In order to allow matches to take place without such constraints and problems, a number of captains and representatives from various London clubs met at Freemasons' Tavern in Lincoln's Inn Fields on 26 October 1863. Kensington School was one of the twelve teams represented, and thus became a founder member of the Football Association.

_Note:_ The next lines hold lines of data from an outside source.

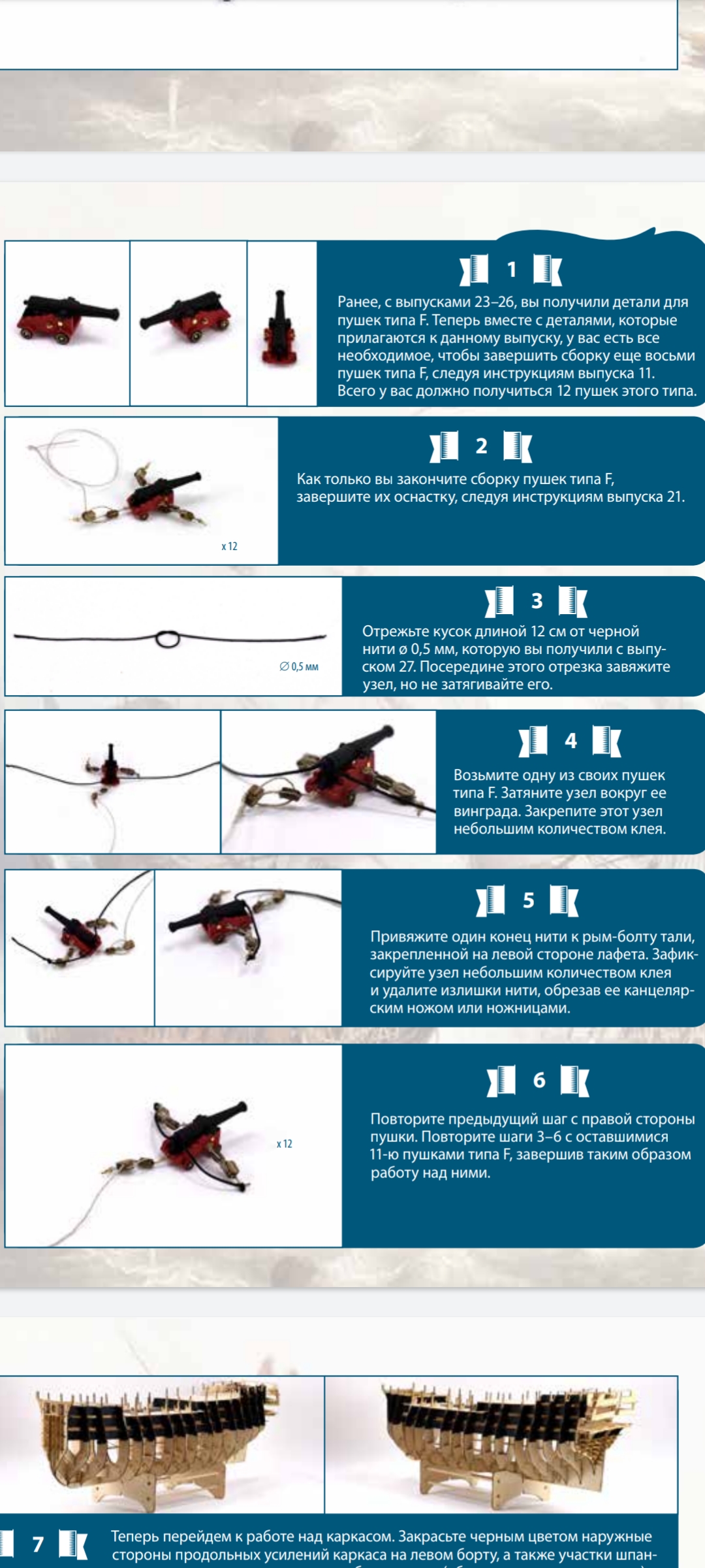 Добрый день. Действительно, для 12-ти пушек, штурвала и румпеля не хватает 57 мм стержня. Мы сообщили фабрике, ждем их решения. Если вы не хотите ждать, вы можете использовать медный провод диаметром 1 мм, либо деревянные шампуры.Бог писал(а): ↑29 май 2022, 16:29 Просматривал инструкции к следующим выпускам, увидел что в 34 выпуске нужно будет собирать много пушек, но вот вопрос у меня почти не осталось латунного стержня, по идее его должны положить в какой нибудь выпуск, но в комплекте он нигде не встречается, и как это понимать?!?
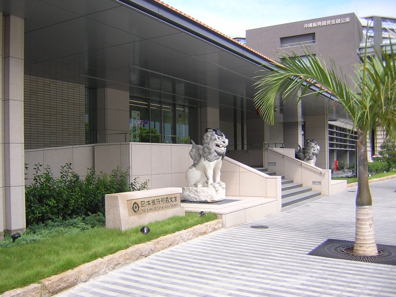 おもろまちを歩いてると、日本銀行那覇支店にであいました。入り口のシーサーと記念写真を撮るのも良いと思います。
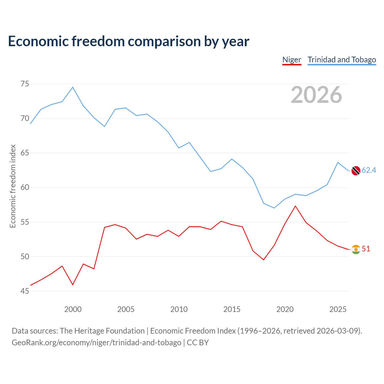 The Economic Freedom Index for Niger is 51, ranking 156/197, compared to 62.4 for Trinidad and Tobago, ranking 87/197. The chart above displays a comparison of annual changes in economic freedom indexes.
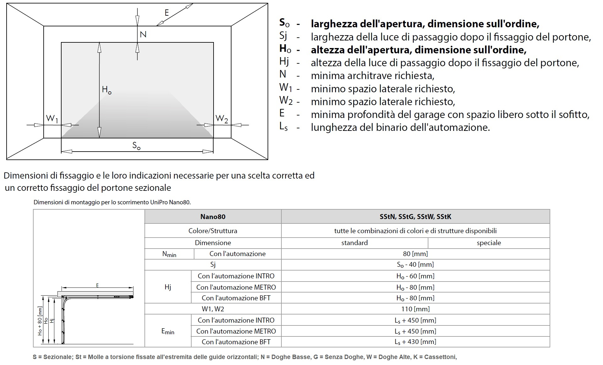 • So = 1500 [mm] e Ho = 1700 [mm] - portoni sezionali a doghe basse
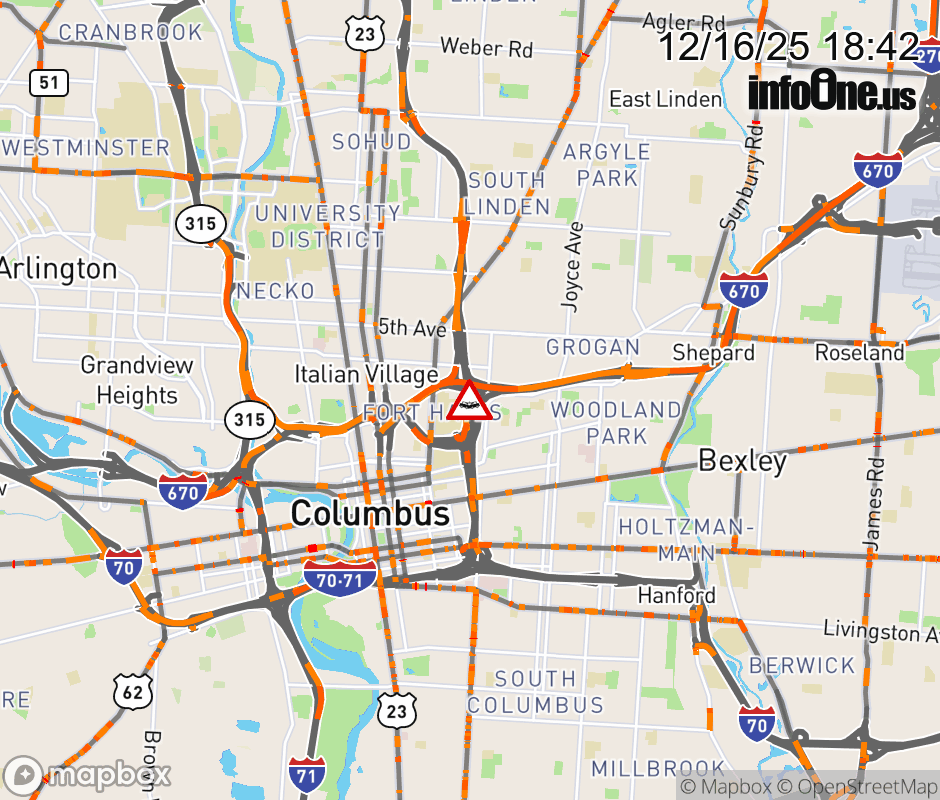 The right lane is closed on I-71 North beyond I-670 West, due to a crash. Updated: Tue 12/16/25 6:42 PM EST ![]() Updated: Tue 12/16/25 6:42 PM EST |

The school remained a member of the Football Association until 1871, by which time it had switched codes to rugby. The school did not play many Association matches; the first recorded was against Harrow School in 1864.

==Buildings==
The school was established at No. 31 Kensington Square in 1831 The proprietors had taken that house on a short tenure and within a year of opening the number of pupils had doubled and the schoolroom had had to be enlarged. The proprietors nevertheless decided against taking a lease of No. 31, due to the potential £600 ‘substantial repairs’, and in June 1833 purchased the freehold of No. 27. This was an old house that had stood empty for some years and the proprietors planned to rebuild it. At the same time two-and-a-half acres of ground was leased behind the house, previously William Cobbett's nursery, for use as a playground. No. 27. had always been the largest house on the west side of the square and was the second to be erected on the site and dated from 1833–4, especially built for the school. The original house was built in the mid-1690s by the woodmonger John Kemp. Later occupants included the Marquis du Court 1700–1, ‘Lady Illey’ 1722, and Stephen Ashby (c. 1732–52), benefactor of St. Bartholomews Hospital, Christ's Hospital and Bethlehem Hospital.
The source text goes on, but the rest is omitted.